*** Opening Excerpted data ***

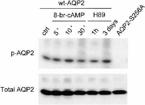 Figure 1. Phosphorylation of AQP2 in oocytes. Oocytes, injected with wt-AQP2 or AQP2-S256A cRNA, were labeled with [32P]orthophosphate for 2 d. Subsequently, oocytes were not stimulated (ctrl, AQP2-S256A), or were incubated with 5 × 10−4 M 8-Br-cAMP or 10−4 M H89 for the indicated time periods. Total membranes were isolated and divided into two portions. One portion was solubilized, AQP2 was immunoprecipitated and subjected to PAGE, the gel was dried, and labeled AQP2 (p-AQP2) was visualized using autoradiography. The other portion was directly immunoblotted for AQP2 (Total AQP2).
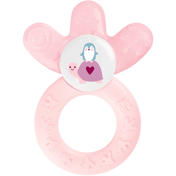 - De gebogen vorm en oppervlaktestructuren bevorderen de motoriek en maken het voor de baby gemakkelijker om de bijtring vast te pakken en vast te houden.
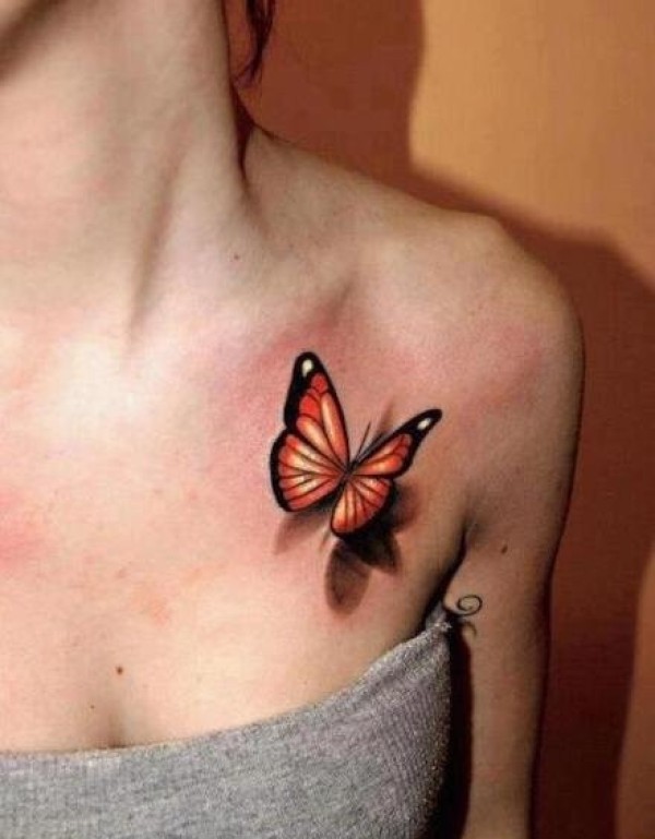 性感又唯美胸部翩翩起舞的蝴蝶纹身图案大全
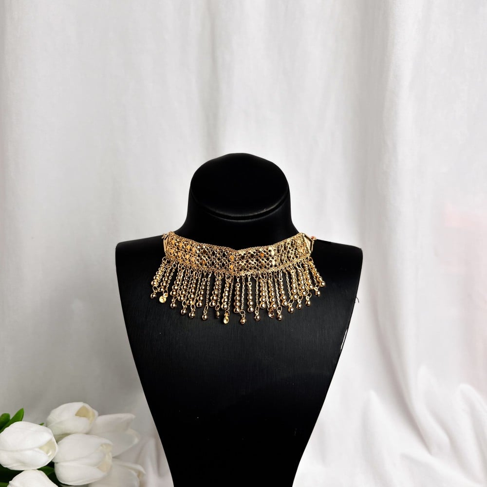 مخنق بفاخمة ملكية ذهب صافي عيار 21 بوزن 17.4 جرام, بتصميم ذو نعومة وزهاوة ذهبية راهية , اطلبية الان واستمتعي بتجربة الملكات
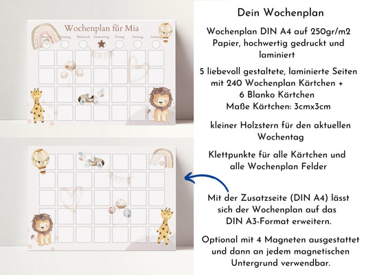 Personalisierter Kinder Wochenplan "Bär und Reh" mit 246 Routine Karten, Montessori Routineplan für einen entspannten Tagesablauf
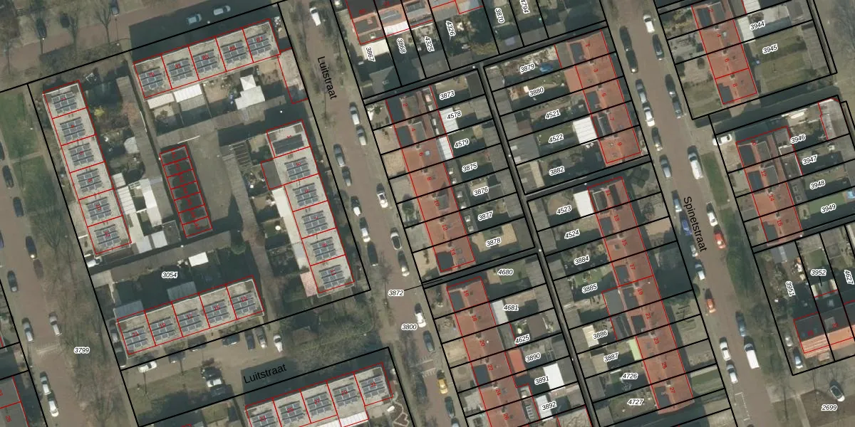 Gebruik de zoekbalk of klik op een perceel voor informatie over de adressen binnen dit perceel.
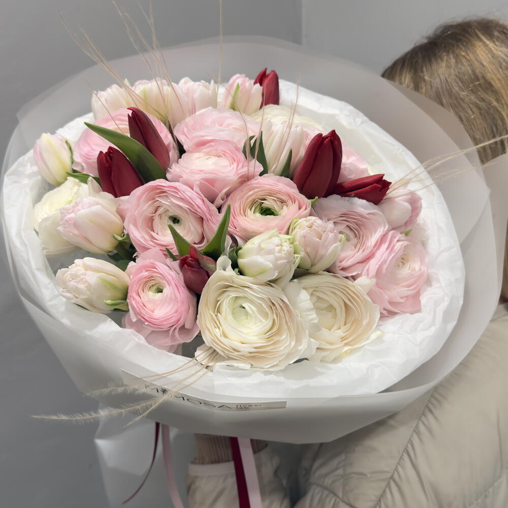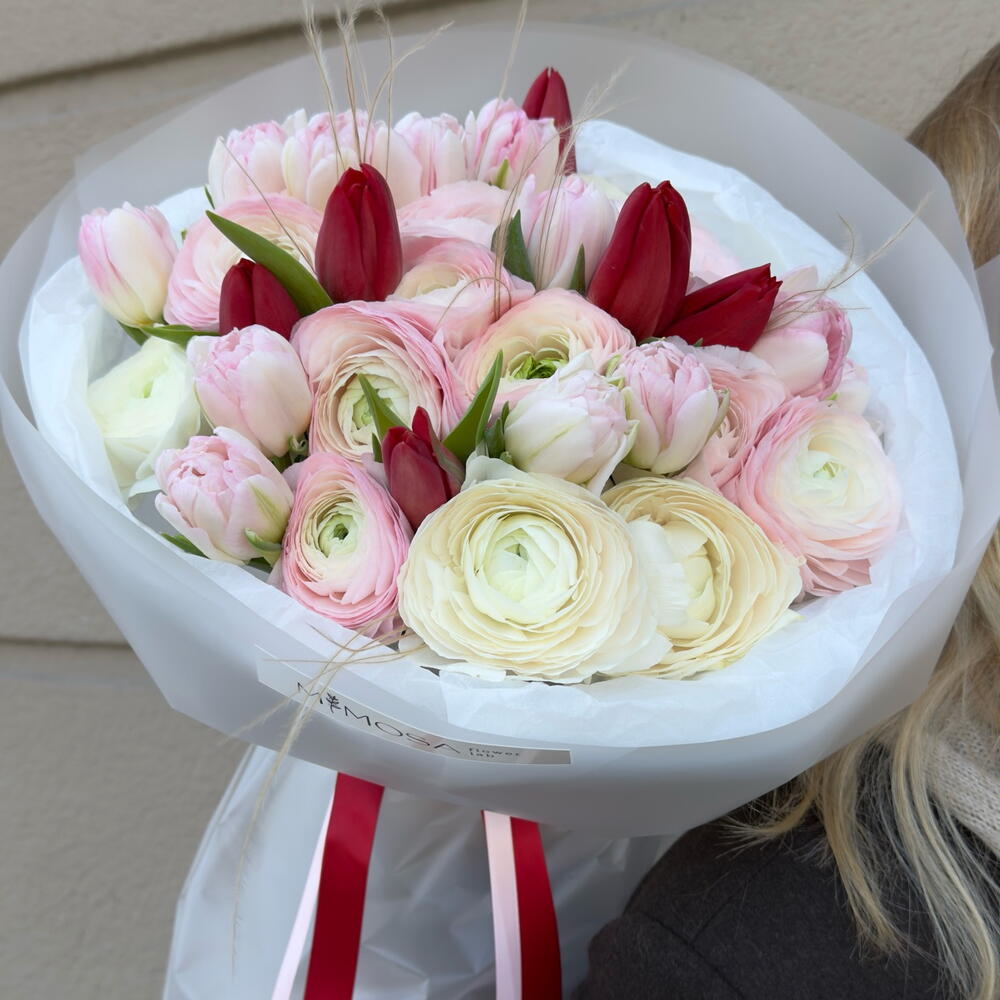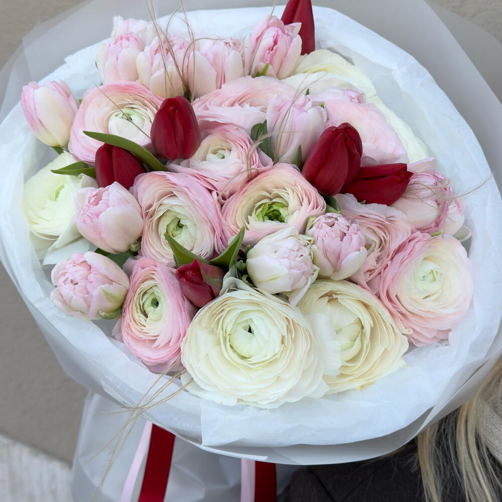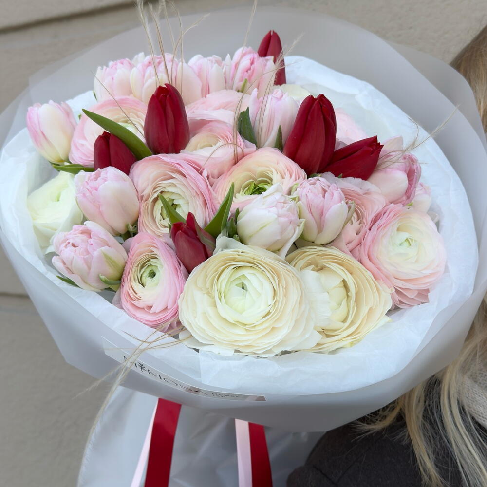 packaging design - 2 ud. ranunculus hanoi - 15 ud. ribbon satin - 2 ud. tulipanes dobles - 13 ud. tulipán rojo holanda - 3 ud.

*** Closing Excerpted data ***

→ **Activity**: Quote exactly, and nothing besides, the lines from the one with "Gebruik de zoekbalk" through the end of the records above; include both ends and omit the pictures.

→ **Solution**:
 Gebruik de zoekbalk of klik op een perceel voor informatie over de adressen binnen dit perceel.
 packaging design - 2 ud. ranunculus hanoi - 15 ud. ribbon satin - 2 ud. tulipanes dobles - 13 ud. tulipán rojo holanda - 3 ud.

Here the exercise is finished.